Monday 4 November 2013

viewing XML format patent bibliographic data

OK—you have obtained some bibliographic patent data in XML format from one of the available sources (see last week’s post). Now what?

You can inspect individual XML files with an XML file viewer. XML files consist of text only, so a text editor such as the Microsoft Windows Notepad utility will do. Here is a small portion of the USPTO’s XML file for US patent no. 8329177 as viewed in Notepad. You can see the descriptive tag pairs (e.g. <document-id></document-id>) encapsulating the information content, but the tags’ hierarchical structure isn’t readily apparent via Notepad.

The tags’ hierarchical structure is more apparent if we inspect the XML file with a spreadsheet program such as Microsoft Excel. Here is a small portion of the same XML file (i.e. US 8329177) as viewed in Excel.  The file has been converted into the familiar spreadsheet row/column format, with the tags appearing as column headings and the encapsulated information shown in rows beneath the respective headings. The conversion (or "flattening") process repeats information in some cells, as seen here.  The column headers have been narrowed to show more columns.   When viewed in Excel, the XML file for US 8329177 has 53 rows and 131 columns, so the worksheet has a total of 6,943 cells. However, the worksheet is rather sparse: only 2,408 of those cells contain information.
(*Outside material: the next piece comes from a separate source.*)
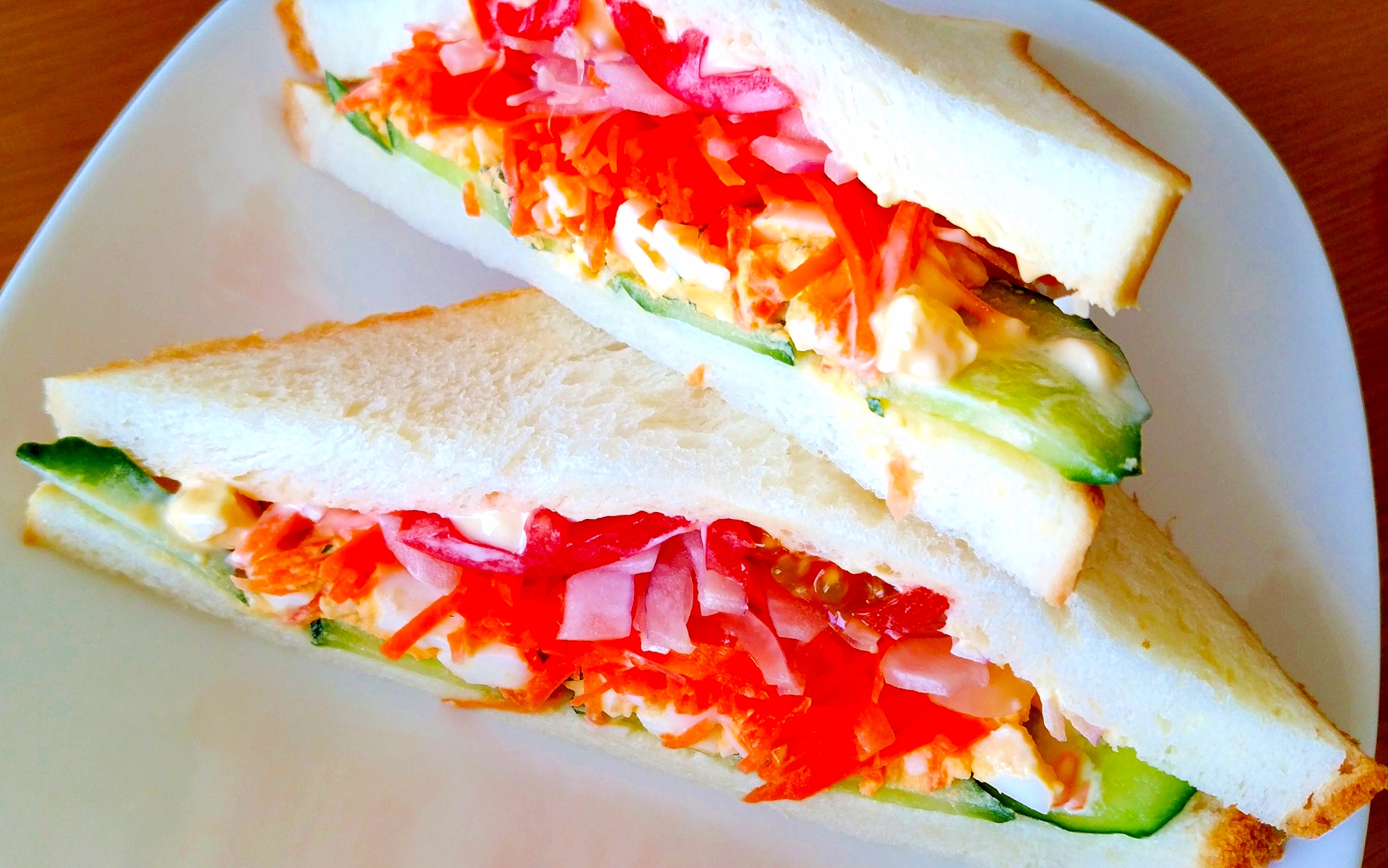 カラフル野菜と卵で ずっしりヘルシーサンドイッチ レシピ 作り方 By Yomogimotir 楽天レシピ

A web browser can also be used to inspect an XML file. Here is the same small portion of the XML file for US 8329177 shown above in Notepad, as viewed in Microsoft Internet Explorer. In this case, the tags’ hierarchical structure is made apparent by color highlighting and by hierarchical indentation levels. The encapsulated information is bolded.  This makes it somewhat easier to browse through the contents of a single XML file—if that is what you want to do.

None of this is very helpful, unless you are only interested in a particular XML file’s bibliographic patent data content and don’t mind manually inspecting and deciphering the file’s tagged information as outlined above. More generally, what we want to do is examine the information content of a number (preferably a very large number) of bibliographic patent data XML files in parallel. Future posts will delve into that topic.